In this article, we want to take you on a short journey into a critical piece of the Red Canary engine that may help explain how we are able to manage the massive amount of telemetry data received on a daily basis.

Automation is cool, but there is an older… deeper magic

We’ve previously discussed the benefits of automation, and how it’s helped maintain timely detections. While automation is key, there is another component to the analysis process that happens much further up the chain and that security teams have been using for years: suppression.

We actually like drinking from the firehose

Our philosophy is that the cost of sorting through massive troves of data is less than the risk associated with potentially missing something, which could easily occur if we were more selective about what we analyzed.
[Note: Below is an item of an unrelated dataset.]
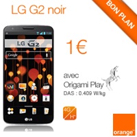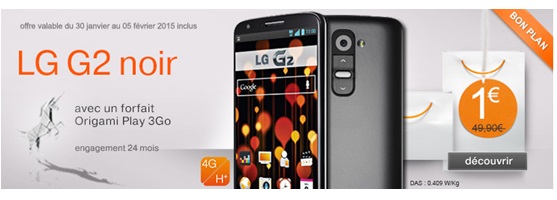 Le LG G2 est à 1€ au lieu de 49.90€ grâce à la vente flash proposée par Orange jusqu'au 05 février prochain. La réduction de 48.90€ est immédiate et valable pour toute souscription à un forfait Origami Play 3Go au prix de 42.99€ avec un engagement de 24 mois chez Orange.
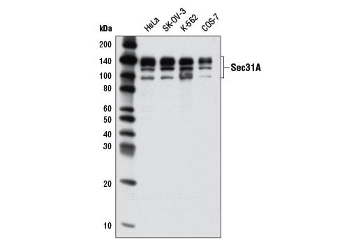 Sec31A Antibody recognizes endogenous levels of multiple isoforms of total Sec31A protein, ranging in sizes of 95-140 kDa.

Suppression enables the Red Canary engine to ingest all of the relevant information we need without inundating our detection engineers. This may sound like a large amount of overhead, but there have been plenty of situations where a compromise would not have been caught if we hadn’t ingested and analyzed all of the data we have available.

One example of this was when we found a customer’s server making an external network connection to a foreign government’s top level domain. We were alerted to the behavior thanks to an extremely broad detector that was tuned to identify instances of regsvr32.exe—the Windows tool used to register and unregister objects such as Dynamic Link Libraries (DLLs)—making external network connections. This type of behavior should generally be regarded as suspicious, but there was no additional behavior that would have otherwise set off red flags for us. Furthermore, there were multiple external network connections being established, not just this one that we ended up alerting the customer about. Ultimately, the reason why we were able to catch this was because we did not preemptively inhibit our visibility into our customer’s environment by limiting the amount of data we collected from it.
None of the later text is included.